18 mars 2012 à la Bastille : Un besoin inextinguible de liberté et d’humanité gonflait les poitrines.

samedi 14 avril 2018.
 

Nous étions plus de 120 000 venus de toutes les provinces, de métropole et d’outre mer à converger ce 18 mars 2012 vers la place de la Bastille à Paris. Jeunes et vieux, familles et militants composaient une foule immense enjouée et sereine indifférente au temps plutôt maussade qui n’a fait que menacer de lessiver la capitale.

Le front de gauche incarné par Jean Luc Mélenchon nous appelait à reprendre pied avec l’Histoire de France !

Cette date et ce lieu se mirent à parler..., nous entrâmes collectivement en résonnance…, et les grands rouages de notre Mémoire s’engrenèrent sans difficulté !

Quel tribun ! Quelle culture et quelle vision !
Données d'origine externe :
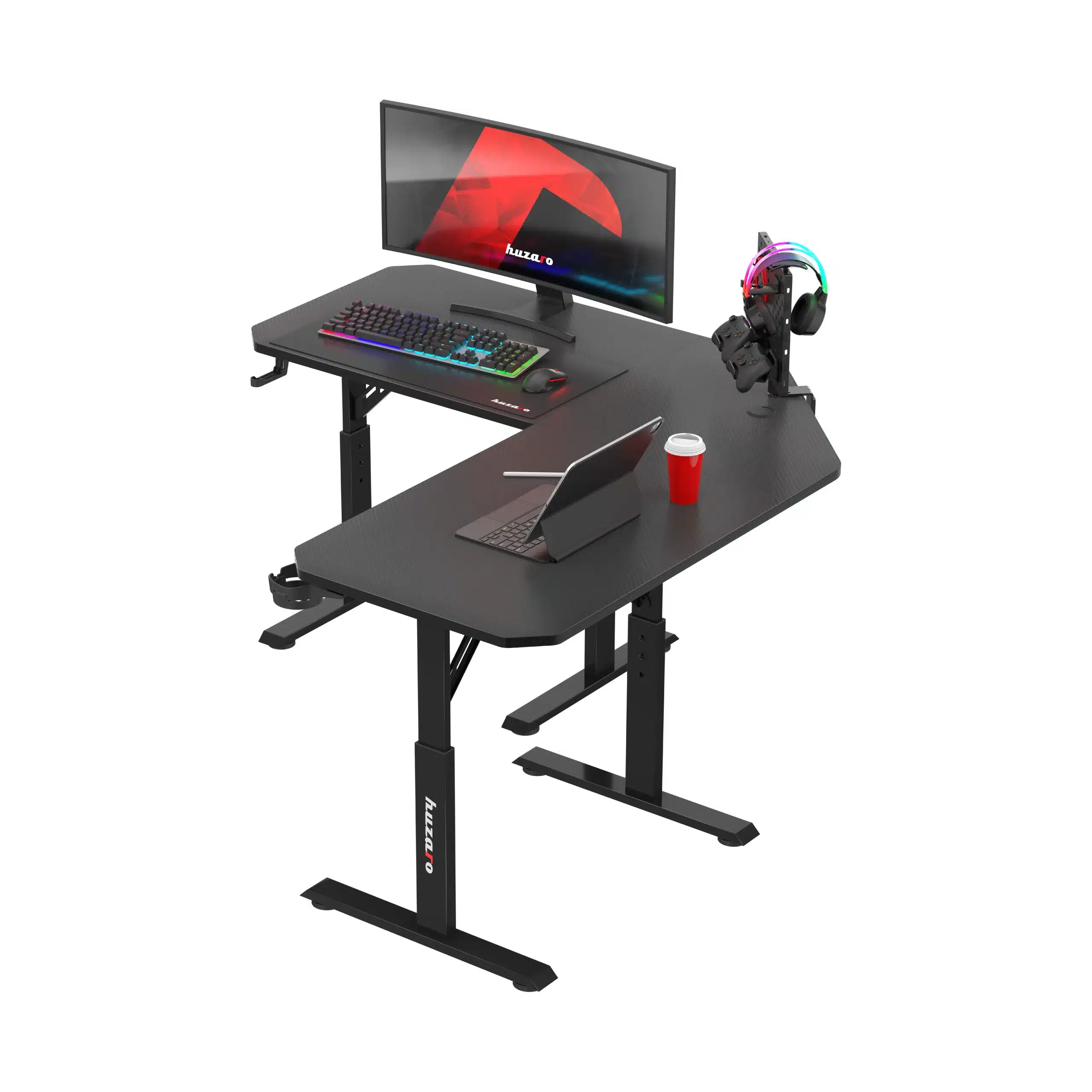 Ugaoni gejmerski sto sa podesivom visinom Huzaro Hero 7.3 crni

La place bien trop petite pour nous contenir vibrait à l’unisson des rues qui ne parvenaient plus à déverser les derniers arrivés jusqu’à la colonne de juillet, monument qui supporte le génie de la liberté qui s’envole en brisant des fers et semant la lumière !
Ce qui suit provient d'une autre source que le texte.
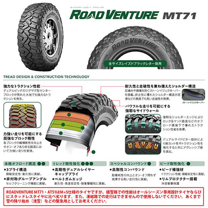 | ご覧いただき誠にありがとうございます。 お急ぎの場合は入札前に質問欄で予定に間に合うかどうかの確認をしてください。 迅速、丁寧を心掛けております。ご安心して取引ください。 タイヤメーカー:クムホタイヤ ロードベンチャー MT71

On retrouvait sur scène avant le discours tant attendu la même veine d’artistes et de saltimbanques qui émaillaient la rue du Faubourg Saint Antoine que l’organisation nous avait attribuée. La foule avait des mouvements de vagues compactes et clamait : « Ré-sis-tance » dès que les chants faiblissaient. On tutoyait des inconnus. Un bien-être certainement euphorique gagnait l’ensemble des participants et garantissait ainsi l’exemplaire tenue de ce rassemblement.

Puis la clameur enfla et laissa finalement place au discours qui appelait la fin de la monarchie républicaine, l’exhortation à la résistance, la mise en place d’une constituante et la reprise du pouvoir par le peuple et pour le peuple. L’insurrection civique était décrétée pour les plus proches échéances. La promesse de l’éruption imminente du volcan français à la face du monde des prédateurs fut clamée par tous les participants en un profond et lourd rugissement. La symbolique de la couleur rouge fut rappelée.
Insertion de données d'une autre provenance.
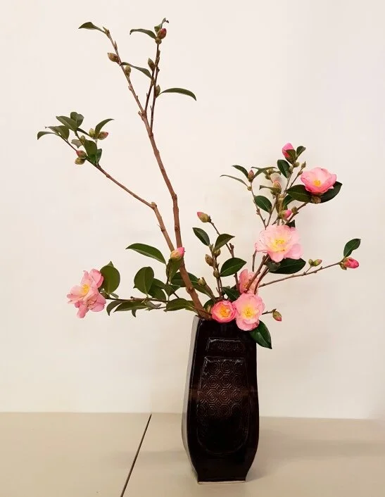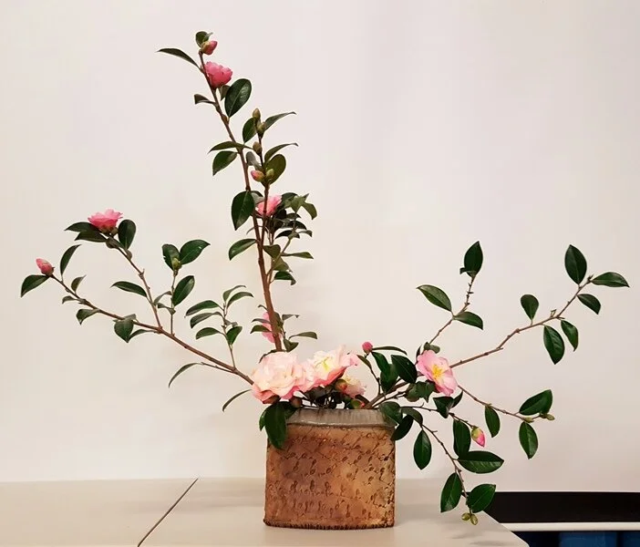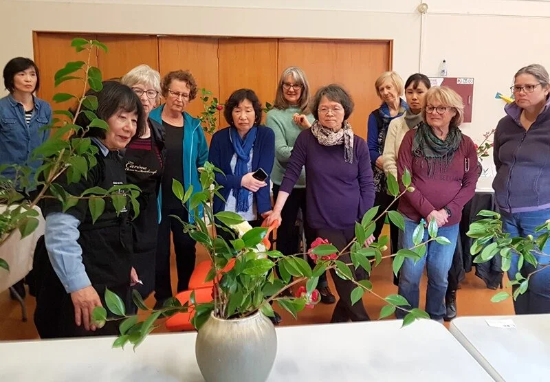 There were 14 of our Sogetsu members who attended. In the afternoon workshop we all enjoyed learning how to arrange camellias using a split drop-stick to secure strong branches in the squat/vertical container.

L’émotion, forte, et la colère étaient là, contenues mais durables et ciblées. Un besoin inextinguible de liberté et d’humanité gonflait les poitrines. Rien ne pourra désormais retenir cet élan fraternel et démocratique puisque nous y avons goûté.

J’assistai, un peu médusé, à la montée exponentielle de la prise de conscience d’une autre forme possible de développement et à une contagion fulgurante de l’exigence d’une rupture radicale avec les religions de la finance et du profit sans règle ni retenue.

Nous sommes à présent bien convaincus non seulement que le vote Front de Gauche est utile, mais qu’il est devenu tout à fait indispensable pour ne pas, une fois de plus, regretter l’occasion de remettre de l’ordre et de la justice dans notre pays et dans une Europe citoyenne que nous voulons reconstruire.

Plus la vraie gauche sera présente et forte au 1er tour de l’élection présidentielle, plus elle pèsera sur le projet du second tour et mieux nous appréhenderons les prochaines législatives.

Tous ensemble, nous pouvons tout espérer et, sans « raser gratis », surtout rétablir une solidarité chaleureuse et confiante dans une revalorisation du travail et de l’utilité sociale des plus modestes d’entre nous et mettre au pas les acrobates de la finance spéculative en nous réappropriant les leviers d’une nouvelle économie réconciliée avec l’écologie de nos milieux les plus rapprochés comme celle de notre mère la Terre.

Ainsi, à la logique qui consiste à d’abord se servir, succédera un modèle plus sobre de république fraternelle, laïque et écologique.

Nous devons nous contraindre à rendre possible une VI ème république dans les urnes pour ne pas laisser le champ libre à la violence inéluctable du chaos.

Soyons les ambassadeurs de ce monde nouveau qui passe à notre portée dans moins d’un mois maintenant et arrêtons de nous plaindre puisqu’il ne s’agit pas de courage mais de simple détermination.